In high school, Bloomberg Fellow Kat Kelley became a certified sexual assault crisis counselor in her home state of California. The experience was transformative. And her certification training exposed her to scientific theories and frameworks that provided a context that helped her understand the experiences of people her age and how to support them when they called the crisis hotline. The training drove home the idea that programming for adolescents must be tailored to adolescents, and that stuck with Kat.  

Bloomberg Fellow Kathleen Kelley

Kathleen Kelley

Her training to become a crisis counselor inspired her to study international health at Georgetown University, where she was also involved in Take Back the Night,  which raised awareness through community events about sexual violence, and Sexual Assault Peer Educators, which engages communities on campus in discussions on sexual misconduct through peer-facilitated discussions, training and education. After college, Kat wanted to find an evidence-based, scientific way to improve adolescent health in communities. 

Today, Kat is a program analyst at the National Association of County and City Health Officials, or NACCHO, which serves as a partner and voice for county and city health departments at the national level. To ensure NACCHO and partners meet the needs of local health departments across the country, Kat collects input from NACCHO members, facilitates peer learning and engagement opportunities, and provides them with training and resources to strengthen their work. 

We talked to Kat, who is pursuing a master’s at Johns Hopkins Bloomberg School of Public Health, about adolescent health needs, a recent project to improve adolescent sexual health and her time as a Bloomberg fellow. 

What are the challenges to addressing adolescent health needs? 

Because adolescence is seen as a relatively healthy period of life, it’s often not considered a priority in the face of limited resources for public health. People often wrongly assume that health programs and services that target children and adults are appropriate for adolescents, but young people have unique health needs and face distinct barriers in accessing health services and information. This is especially the case for stigmatized services like mental health, substance use and sexual health. The barriers adolescents face include stigma, confidentiality concerns, cost, and conflicts between clinic and school or work schedules. We need to prioritize these neglected areas of adolescent health, and my primary focus as a Bloomberg Fellow is sexual and intimate partner violence. Because these forms of violence are associated with mental health disorders, substance use, and sexual risk behaviors and have long-term negative consequences for employment, we really need to be addressing them during this consequential period. 

Tell me about a project you’ve worked on. 

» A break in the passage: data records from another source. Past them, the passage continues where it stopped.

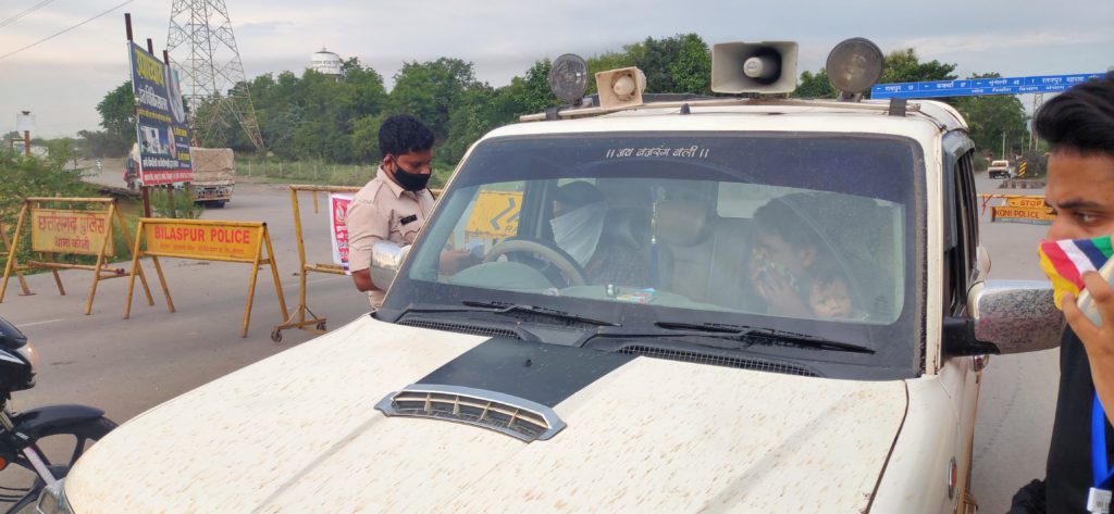जैसे की हम सबको पता है विगत कुछ दिनों से हमारे बिलासपुर शहर में कोरोना के मामले बढ़ते ही चले जा रहे हैं इस बीच अपने घर परिवार को छोड़कर पुलिस प्रशासन तत्पर हमारी सेवा में लगी हुई है न्यूज़ नेशन 24×7 की टीम द्वारा मौके पर पहुंचने पर देखा गया की कोनी पुलिस पूर्ण निष्ठा से अपना कार्य कर रही है तथा रतनपुर सेंदरी मार्ग से आने वाली व बिलासपुर से रतनपुर सेंदरी की ओर जाने वाली सभी वाहनों का क्रमबद्ध तरीके से जांच जाने व आने का कारण देख कर ही उन्हें आगे जाने दिया जा रहा है बिना पास या बिना किसी मुख्य कारण के किसी को भी जाने आने का कोई रास्ता नहीं है।। मौके पर मौजूद कोनी थाना एसआई राम चंद्र साहू जी द्वारा बताया गया कि वह व उनकी टीम दिन रात लोगों के लिए अपनी सेवा प्रदान कर रहे हैं व करते रहेंगे।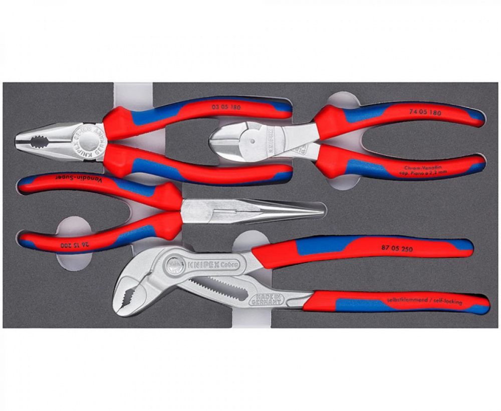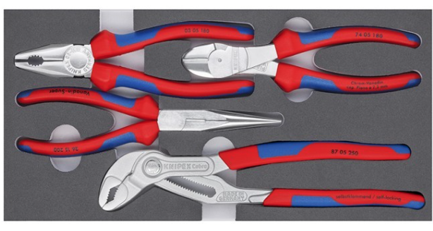 KNIPEX KN-002001V17 — это профессиональный набор ручного инструмента, включающий четыре ключевых инструмента для слесарных, электромонтажных и, благодаря наличию клещей Cobra, для сантехнических работ. Этот набор обеспечивает высокий уровень универсальности и надежности, необходимой в ежедневной работе.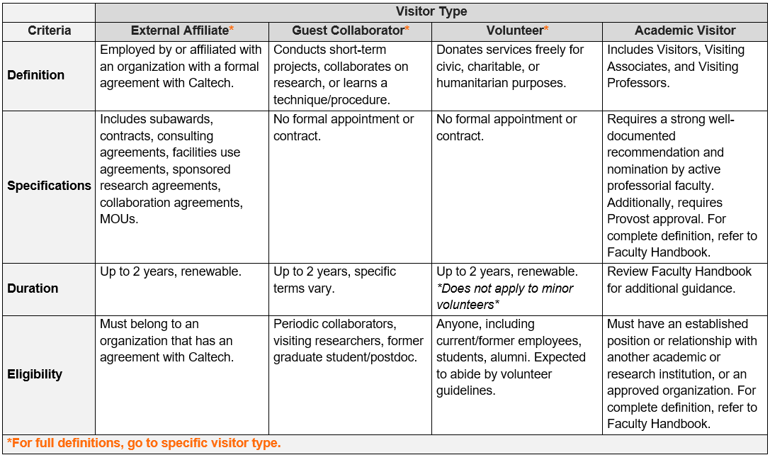 For tips to help you determine your visitor type, please review the quick facts below for external affiliates, guest collaborators, volunteers, and academic visitors. For detailed information, please visit the Visitor Types section above.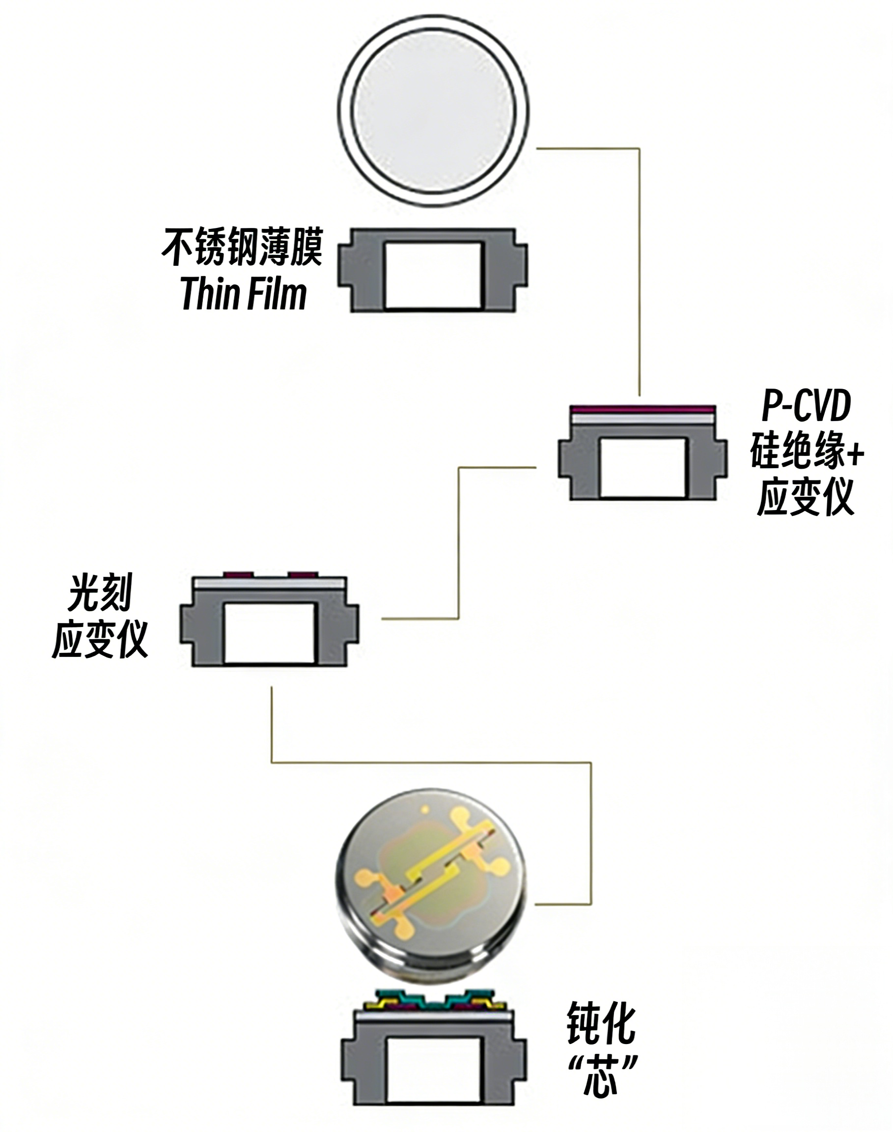 我们通过绝缘、光刻、钝化等精密半导体工艺,在不锈钢基底(17-4PH、316L或A286)上构建惠斯通电桥。其中,CVD工艺是核心——它让非金属硅绝缘层与不锈钢基底形成原子级的牢固结合。

I recently wrapped up a project aiming to build partnerships between local health departments and local school districts to advance adolescent and sexual health in their communities. We worked directly with four local health departments across the country to identify local adolescent health priorities and strategies to address them in collaboration with local stakeholders. Health departments and schools are both invested in the health and well-being of young people, but they have different priorities and use different language and strategies. It can take a lot of upfront work to establish and strengthen relationships. But once they’re in place, they have short- and long-term benefits, often that go beyond the original purpose of the partnership. 

Of the four health departments, one is working with a local high school to pilot a new sex education curriculum. Another is integrating concepts of sexuality education into existing social-emotional learning approaches used by the local school district. The third department created a webpage to connect adolescents with local sexual health resources. And the fourth one has increased STI testing in school-based health centers, which they’re using as an entry point to have conversation with students about sexual health and safety. 

What do you hope to take away from your time as a Bloomberg Fellow? 

I came to the Bloomberg School because I want to hone my skills in program design, implementation and evaluation so that I can better contribute to the burgeoning field of sexual and relationship violence prevention, particularly as it relates to adolescents and emerging adults. Adolescent health is a critical yet neglected field within public health, and I hope to deepen my understanding of adolescent health and development so that I can design public health programming that is responsive to the needs of young people.